Washington.
When I wake up, my head feels heavy like a bucket of
water. I don’t feel rested, and my stomach cramps from eating too
many energy bars. When the computer says, “Three miles to the New
America coast,” I vomit into the empty supply bin.
I gargle some water and wipe my mouth clean and force
myself to breathe deeply. Then I notice the water through the
window. It’s still murky, but less oppressive and more open, and I
feel like the floating metal tank I sit in is weightless in that
half-light. The depth gauge reads 200 feet. I have never been this
close to the surface before. The euphoria shrieks through my veins.
I’ve seen this much light—just a shadow, really—and I ache to go
higher.
I pull my trembling fingers from the controls. I need
to follow the plan. I sit on my hands and lean back in the seat,
watching the computer take us just high enough to skim along the
ocean floor. The vague outline of the sloping ground, almost the
same color as the water with the sand churning in the currents,
hovers in front of the window. Is it stormy up there? The monitors
show a pattern of swirling clouds and heavy rain. I don’t have a
poncho in the pack. After living for sixteen years in a metal
shell, I didn’t think about something like rain.
Is there any plastic sheeting in the sub? Sometimes
the researchers use it to lay their specimens on. Yes, there in a
cubby. It is a small sheet, maybe three feet square, but it’s
better than anything else at hand.
“One mile to the Puget Sound.”
The sub slows even more, and the water turns brown.
Bits of plant life roils through the currents. It must be really
bad up there, and I have the first real, solid doubt I’ve had this
whole trip. Can I weather even a storm? And if not a storm, how can
I weather the people? I clutch my head and lean into the control
panel, rocking myself to the sway of the sub as it buffets along
through the turgid water.
The sub does its best to plow through, but it rocks
back and forth, and I feel sick again. I lose track of time. But
after what feels like hours later, the computer beeps at me, and we
bank violently off course.
“Water patterns unstable. Suggest immediate
docking.”
Where? I check the topographical map. I’m well within
the Puget Sound. There’s Seattle, across the water, only five miles
away. Gaea warned me about the cities. There’s a jutting of land to
the west; that will have to be as good as any other place to dock,
and the stretch of water separates me from the city. With the way
the sub lurches, I don’t think I’ll make it much farther as the
land starts choking in on me and there’s less room to navigate.

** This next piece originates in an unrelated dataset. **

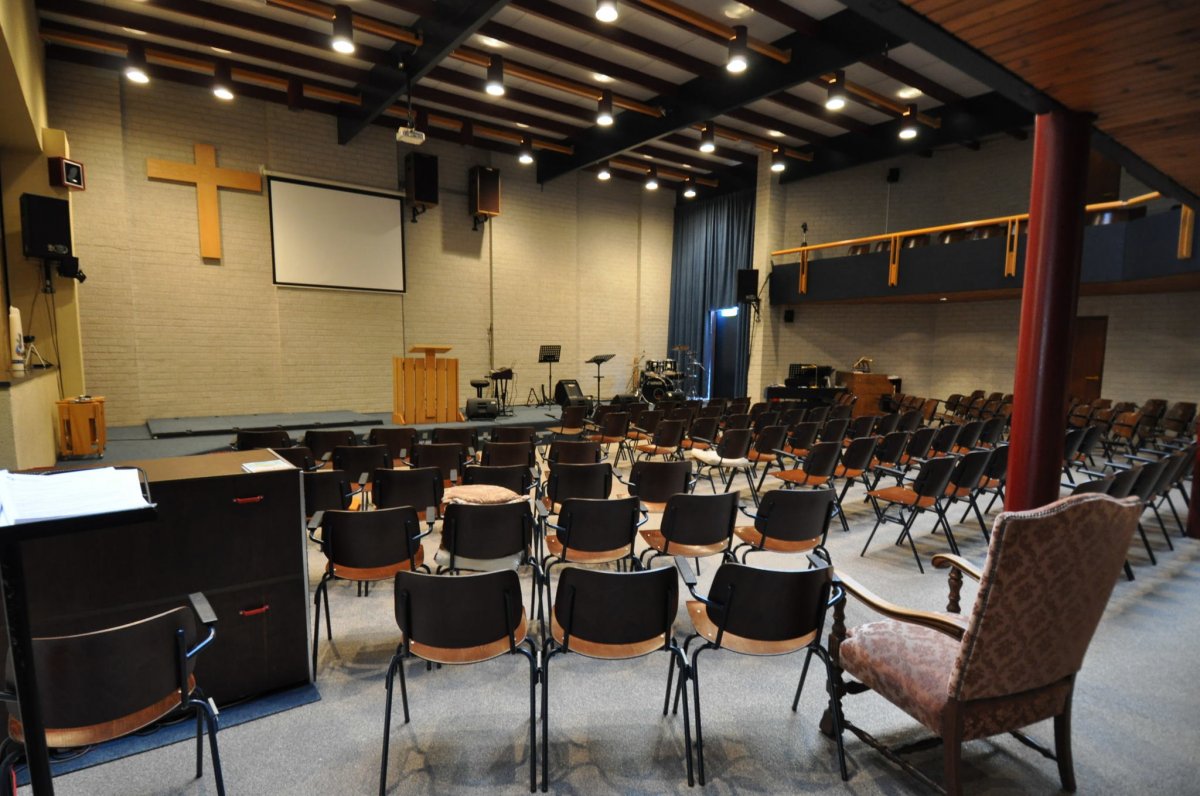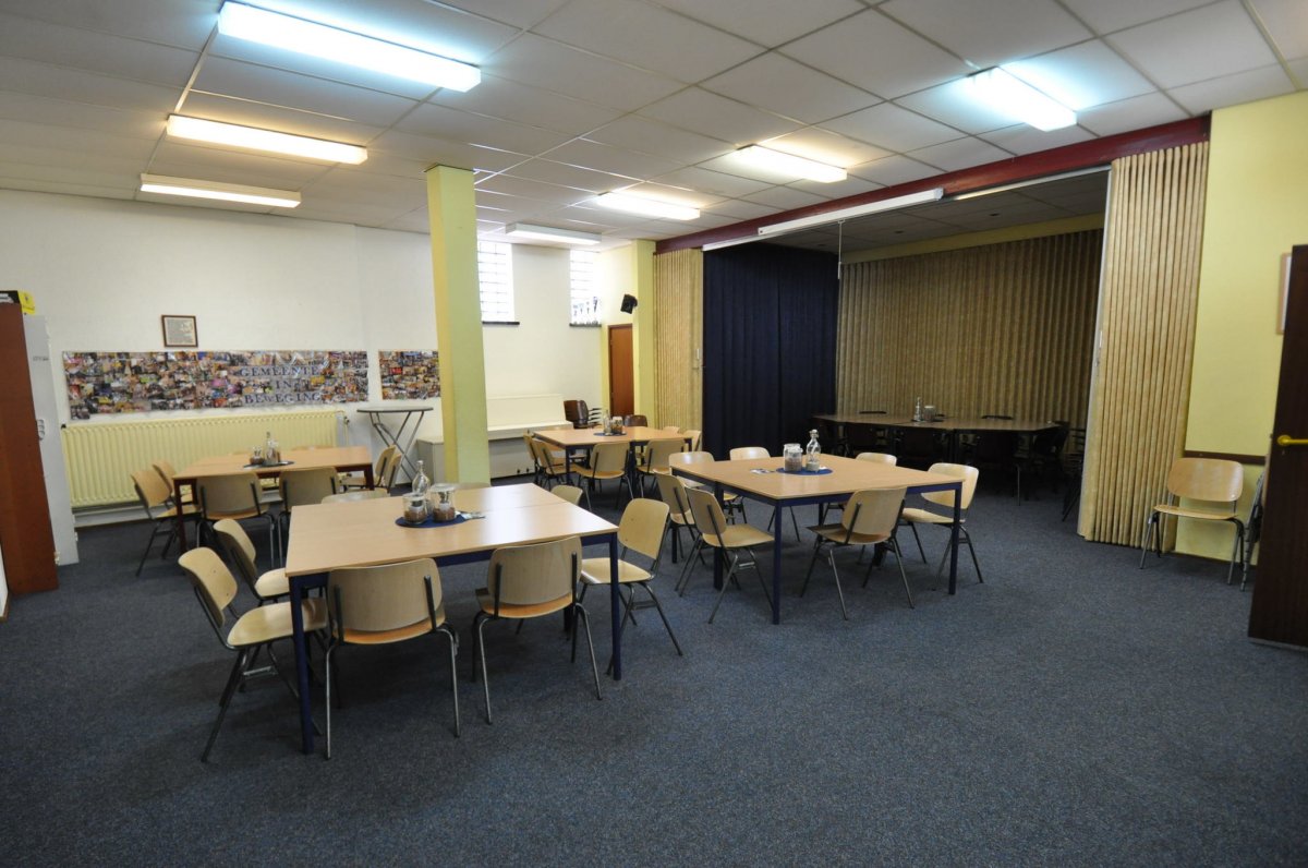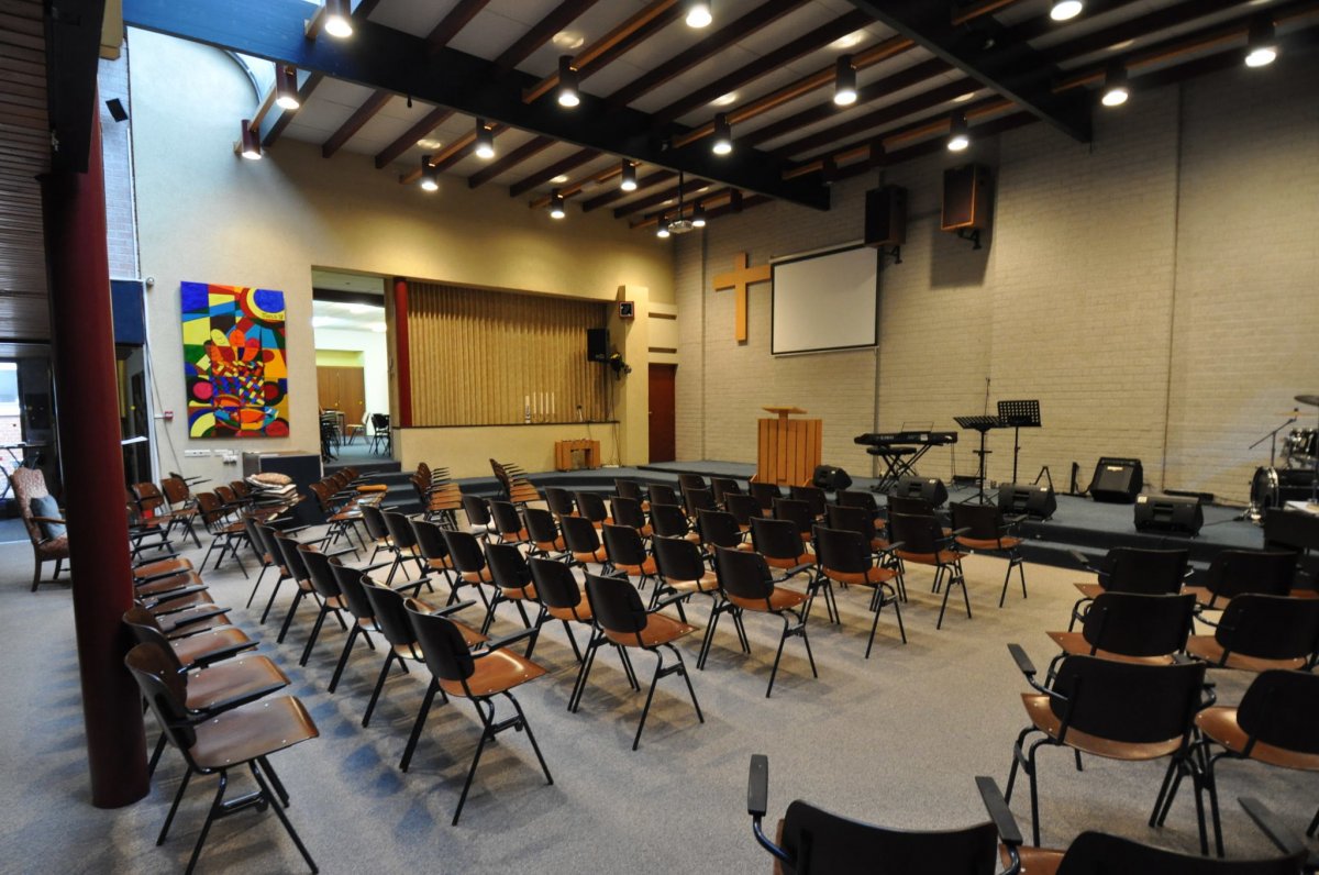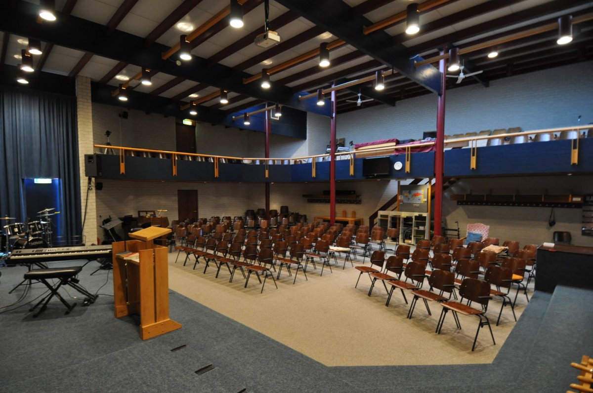 Begane grond: zijentree, hal, toiletgroepen dames en heren, ketelhuis, keuken met keukenblok, zaal voorzijde ca.49m², koffiezaal ca.91m², kerkzaal ca.172m² (vloerverwarming, woongrind) met bordes, lichtstraat en bergingen.

The bottom of the sub scrapes along the rocks, and I
feel like they will pierce through the metal and scrape along the
soles of my feet as well. But the sub shudders to a stop and sighs
as the air locks around the hatch open.
The air outside hisses at me, and the rain beats a
regular rhythm on every surface of the sub. I wrap the plastic
sheeting around me best as I can and step outside. My shoes squeal
on the wet rocks.
Then I hear shouting and a sound I’ve only heard one
other time. A sound I heard when I watched the high-def footage of
the Event. Gunfire. I duck to the ground. I don’t know where the
shots come from or if they’re aimed at me. I look back to the sub.

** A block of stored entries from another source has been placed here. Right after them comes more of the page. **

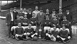 The 1910–11 Manchester United team and staff with Football League First Division trophy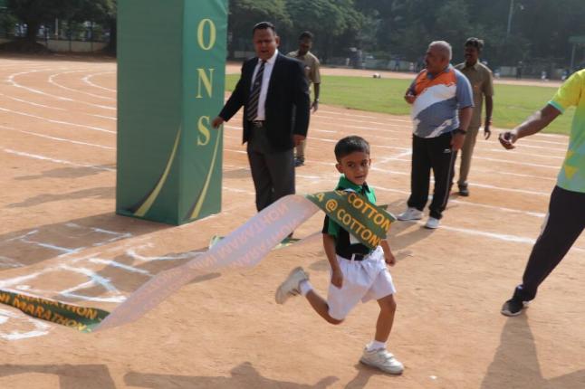 The event was flagged off by our Principal, and the young Cottonians, proudly wearing their house colours, began with a spirited “On your marks, get set, go!” The race distances were set according to age: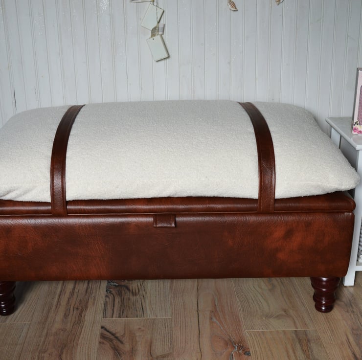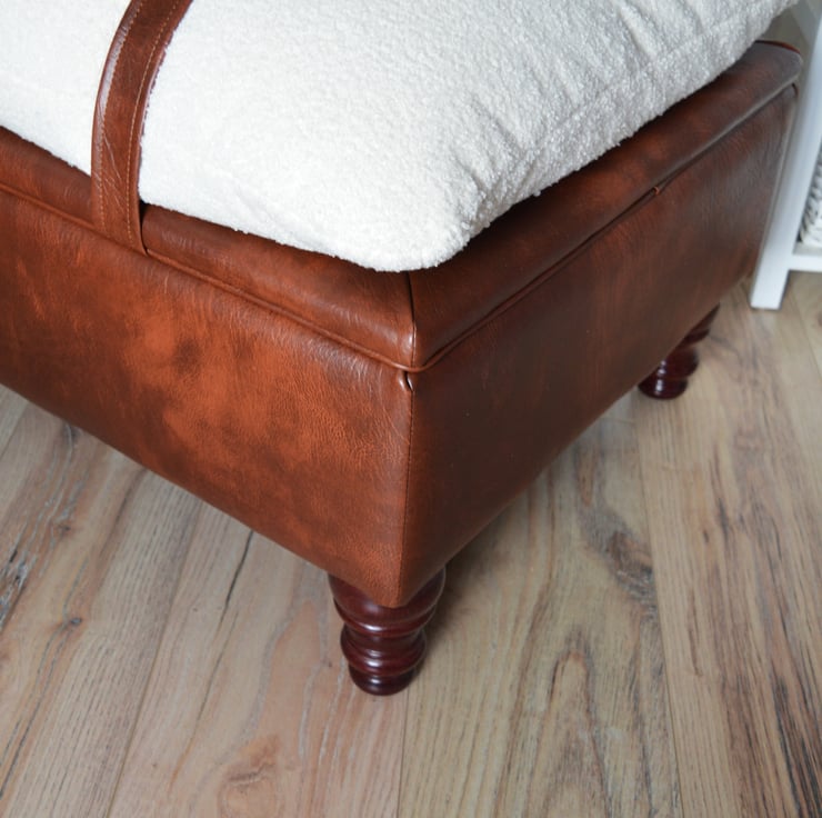 Mayfair Storage Ottoman Footstool Ivory Boucle Fabric With Chestnut Faux Leather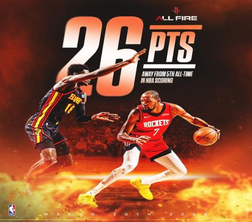 火箭官方:銘刻于歷史之中的杜蘭特,他剛剛在總得分上超越喬丹成為NBA歷史得分榜排名第五的球員。

I want to crawl in and hide until the pops around me fade. But the
sub already slips into the water, swimming for home.
I lie on the ground with my hands over my head, but
the shouts and the gunfire don’t stop. I look up, and the rain
pours in my eyes. A hundred yards down the rocky beach, four
figures waver in the rain. Three of them have long guns—rifles, I
think—pointed out toward the water. The fourth rushes a boat into
the water, jumps in, and starts the motor.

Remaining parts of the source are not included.